Talvolta, le frasi che emergono dall’esterno non sono delle più delicate ed efficaci e lo stesso confronto con l’ambiente possono causare maggiore disagio e sofferenza per la coppia stessa.

Come affrontare questo periodo?

L’aborto rappresenta un lutto a tutti gli effetti e, come tale, ha bisogno del suo tempo per essere elaborato. Non esiste una ricetta efficace per tutti, ma è importante comprendere che ognuno ha il suo tempo per parlarne e ognuno ha il suo tempo per elaborare l’accaduto. Non ci sono cose giuste o sbagliate da fare, ma bisogna ascoltarsi e soprattutto accettare che non funzioniamo come macchine e, che anche se non ci saremmo aspettati di reagire in questo modo, per quanto possiamo cercare di tenere tutto sotto controllo, le emozioni possono travolgerci in un modo totalmente inaspettato ed è quindi importante creare uno spazio in cui lasciarle fluire.
Non dimentichiamo che le emozioni inespresse non scompaiono, ma cercano – e spesso – trovano un varco per emergere, che sia attraverso esplosioni di rabbia e aggressività, sottoforma di sintomi psicosomatici o, peggio ancora, sfociando in sintomi depressivi o attacchi di panico.
Quindi legittimiamo sbalzi d’umore, crisi di pianto improvvise (in parte dovuti anche agli ormoni che ancora non hanno trovato il proprio equilibrio) e, soprattutto, non dimentichiamo l’importanza della condivisione.

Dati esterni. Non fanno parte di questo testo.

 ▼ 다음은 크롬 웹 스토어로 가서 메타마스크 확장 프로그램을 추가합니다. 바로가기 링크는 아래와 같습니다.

Spesso i partner si sentono soli ed incompresi nel proprio dolore, perché non trovano il coraggio di condividere, frenati dalla paura che il dialogo sull’argomento possa riaprire ferite. In realtà quella ferita è aperta, dobbiamo quindi ricordare di disinfettarla, se non vogliamo che si creino infezioni.

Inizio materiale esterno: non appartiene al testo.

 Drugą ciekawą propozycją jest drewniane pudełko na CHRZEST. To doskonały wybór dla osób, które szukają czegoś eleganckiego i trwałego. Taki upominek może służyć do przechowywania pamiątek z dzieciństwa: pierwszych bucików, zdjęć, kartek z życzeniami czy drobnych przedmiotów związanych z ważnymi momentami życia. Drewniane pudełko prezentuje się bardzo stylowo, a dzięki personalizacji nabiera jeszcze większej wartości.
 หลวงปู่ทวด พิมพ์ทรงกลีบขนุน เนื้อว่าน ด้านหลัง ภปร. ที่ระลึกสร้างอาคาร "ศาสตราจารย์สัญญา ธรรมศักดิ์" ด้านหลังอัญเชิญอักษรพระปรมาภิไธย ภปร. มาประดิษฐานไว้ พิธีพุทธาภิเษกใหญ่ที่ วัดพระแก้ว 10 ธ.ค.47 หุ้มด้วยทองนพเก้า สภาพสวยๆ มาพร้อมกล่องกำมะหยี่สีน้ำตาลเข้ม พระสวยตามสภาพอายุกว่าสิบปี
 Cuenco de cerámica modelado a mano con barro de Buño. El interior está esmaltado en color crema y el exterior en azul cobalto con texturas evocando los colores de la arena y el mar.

Se invece non abbiamo vissuto direttamente questa esperienza, ma abbiamo amiche e amici o parenti che si trovano in questa situazione, potrebbe capitare di sentire difficoltà e non riconoscere il modo più adatto per stare accanto alle persone che stanno soffrendo. Questo in alcune occasioni porta a dire frasi non proprio adatte, come “ma non vi preoccupate, ne farete alti di figli”, oppure “in realtà non era ancora un bambino a tutti gli effetti”. Ecco, queste frasi sono assolutamente da evitare e, se proprio non sappiamo quale sia il giusto modo per esprimere la nostra vicinanza, l’azione più saggia da fare consiste nel chiedere alle persone direttamente interessate: “mi dispiace per quello che ti/vi è successo. Come posso starti/vi accanto?”
Credo sia il modo migliore per far sentire all’altro che ci siamo e siamo pronti ad offrire il nostro supporto, nel rispetto dei bisogni delle persone che stanno soffrendo.